Go for the bacon!

Just between you and me: have you made any New Year’s resolutions? As a survey showed, the majority of company managers have made a resolution to lose weight in the coming year. However, what is initially aimed at physical well-being can easily be applied to the supply chain of many companies: many simply have too much stock around their hips. However, there can be no question of prosperity bacon here. On the contrary: (excessively) high inventories cost money and tie up important liquidity! And in view of the ongoing banking and euro crisis and the flagging economy, this is leading to a strategically dangerous situation. Because when the earnings situation weakens, banks often reduce their credit commitments – in the worst case, there is a risk of financial collapse.

So get to work, because there is usually still untapped potential for improvement and liquidity reserves in your own company that you can exploit. A reduction in inventory not only frees up liquidity, but also significantly reduces running costs: for 80% of companies, it is possible to reduce the amount of inventory by around 20% to 30% per year. But which companies does this apply to? Let’s take a look around: In my experience, three groups of companies can be identified:
A third of companies are still manual controllers. For the most part, there are no portfolio targets. While inventory is still tracked as a key figure, there are no objectively reliable figures on delivery readiness. The planning and scheduling functions of the ERP system are only used to document the manually compiled findings. Safety stocks are included in the order quantities from the stomach of the dispatchers and production controllers. Safety stocks are usually only stored in the ERP system by the sales department for important finished goods, but are often ignored by MRP. Stocks are reduced unstructured by manual measures and only remain until the first delivery bottlenecks occur.

50% of the companies are among the basic and basic optimizers. Inventory targets often consist of little differentiated inventory ranges, and few are interested in measuring delivery readiness. Companies are either unaware of or ignore the complicated web of connections between planning strategies, scheduling procedures and logistical data, combined with the architecture of the value chain. Instead of having the problems solved quickly and sustainably by specialists, the company tinkers with its own resources. In most cases, simple basic measures such as the intermittent updating of basic logistical data are sufficient. Focusing on the success of a stock level often ignores the fact that stocks have not really been reduced, but only shifted.

The majority of inventory reduction successes in these types of companies are not sustainable and the existing potential is not being exploited. The resulting yield losses alone would justify even the most expensive optimization projects.

The last and smallest group are the professional inventory optimizers, who work continuously and systematically on the profitability of their value chain.
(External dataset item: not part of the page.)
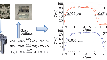 Коллектив ученых из Института общей и неорганической химии им. Н.С. Курнакова РАН, Института общей физики им. А.М. Прохорова РАН и Института физической химии и электрохимии им. А.Н. Фрумкина впервые обнаружил расширение области пропускания во фторцирконатном стекле на 0.035 мкм в ультрафиолетовом диапазоне и на 0.37 мкм в инфракрасном диапазоне при взаимодействии исходной шихты для получения стекол с дифторидом ксенона. Фторидные стекла, обладающие низкочастотным фононным спектром, рассматриваются как уникальная оптическая матрица для введения редкоземельных активаторов...

Actual delivery readiness is usually tracked in a differentiated manner as a key control variable. Across all inventory levels, there are realistic, item-specific targets for delivery readiness and inventories, which are simulated and balanced in such a way that the entire supply chain operates as economically as possible.

To achieve this, planning uncertainties are systematically identified and reduced or buffered by safety stocks. The day-to-day business should largely be planned and scheduled by the ERP system, leaving people to concentrate on handling the exceptions. This involves continuously adjusting the parameters, strategies and data of the end-to-end planning and scheduling process using suitable strategic ERP tuning systems.

However, most of the companies in this group did not achieve this goal on their own, but sought extensive specialist and technical support – which paid for itself within a short period of time.

Needless to say, the latter group of companies has no problems with its banks and still makes decent profits even in economically weak phases. If your company does not belong to the latter group, your New Year’s resolution for 2012 should be: Lose weight! Only for the stocks, of course.